Tate Liverpool Second floor galleries
11 April – 13 August 2006
Tate Liverpool is the first of four European venues to present an exhibition that celebrates the 100th anniversary of Marie-Louise von Motesiczky's birth. Widely acclaimed as one of the most talented and original artists of her era, several major museums (including Tate) have collected fine examples of Motesiczky's work. Despite this, she still remains relatively unknown. This exhibition provides an opportunity to discover a highly talented woman artist of the 20th century, whose remarkable work illuminates the troubled history of her times.
The exhibition provides a survey of Motesiczky's most powerful work from the 1920s–1990s. The exhibition will present 60 paintings and a number of drawings, and will explore the transition from her hard-edged realist style of the twenties to the poetic realism of her later work. Motesiczky is particularly known for her portraits, including compelling self-portraits and a moving series devoted to her ageing mother recording her decline. Related to her portraits are her figurative 'fantasy paintings', dream-like compositions which formed a significant part of her work in 1950s and 1960s. These magical visions blur fantasy and reality in a complex personal allegory. Motesiczky painted intimate still-lives and poetic landscapes throughout her entire career.
Marie-Louise von Motesiczky was born in Vienna in 1906 into a wealthy and distinguished Jewish family - her grandmother was one of Sigmund Freud's earliest patients. As a young woman, she studied at the Städel art school in Frankfurt with Max Beckmann, a life-long friend and mentor. When the Nazis marched into Vienna in 1938, Motesiczky fled with her mother, first to Holland, then Switzerland, finally arriving in England in 1939. Her brother Karl remained in Austria, where he sheltered Jewish friends.

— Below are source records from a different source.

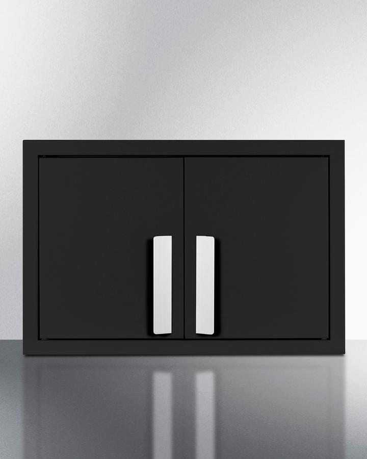 Summit's line of wall cabinets brings added storage space to your kitchen in a convenient easy-to-install design. Sized at 18" wide and 12" deep, the CAB18SHORTBLK is perfect for smaller kitchen spaces. Constructed from powder-coated metal, it comes in a jet black finish with angled blade-style handles in brushed stainless steel for a modern look. The french door design makes it easy to store and remove contents as needed. Inside, two removable shelves allow you to accommodate a variety of sizes. The cabinet ships fully assembled with a mounting bracket and all the equipment needed for proper installation. With its slim-fitting design and durable construction, the CAB18SHORTBLK is the perfect addition to any existing kitchen space, and can easily be paired with any Summit all-in-one kitchenette. For this unit in a white finish, see the CAB1812WHITE, or visit www.summitappliance.com to explore our entire line of kitchenette wall cabinets.
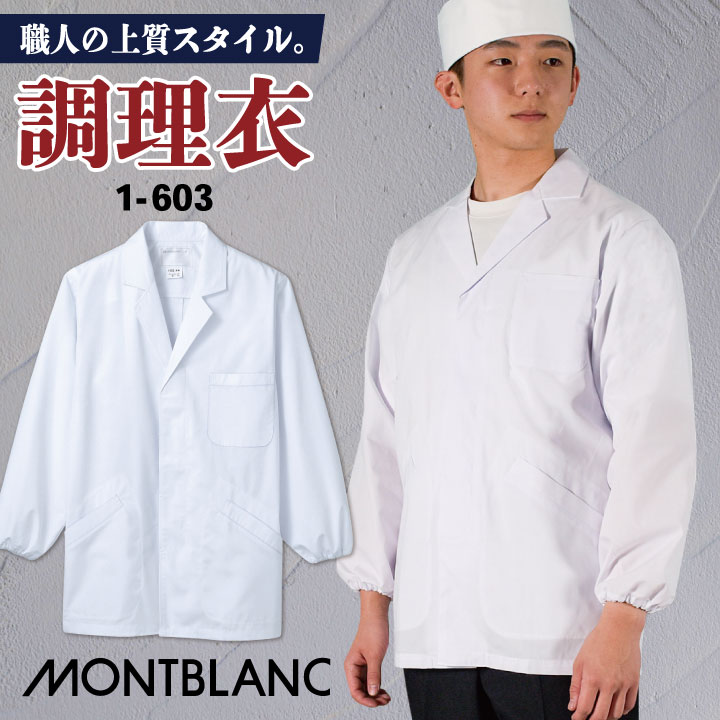 シンプルデザインの、襟付き長袖調理衣。制菌加工を施し、和食店・給食調理衣としても大活躍! メンズ 長袖 住商モンブラン 1-603
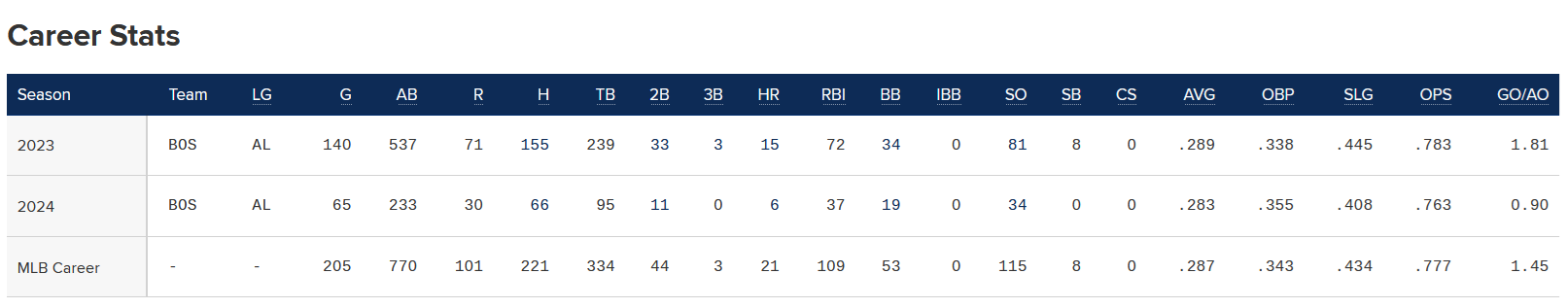 メジャー通算 2年 841打席 打率.287 21本 出塁率.344 OPS.778 8盗塁

In 1943 he was sent to Auschwitz, where he died. In England, Motesiczky lived and worked in a highly gifted community of exiled artists.
The exhibition will tour from Tate Liverpool to Museum Giersch, Frankfurt (September 2006 - January 2007), Wien Museum, Vienna (March – June 2007) and finally Southampton City Art Gallery (September – December 2007).
The exhibition has been organised in collaboration with the Marie-Louise von Motesiczky Charitable Trust.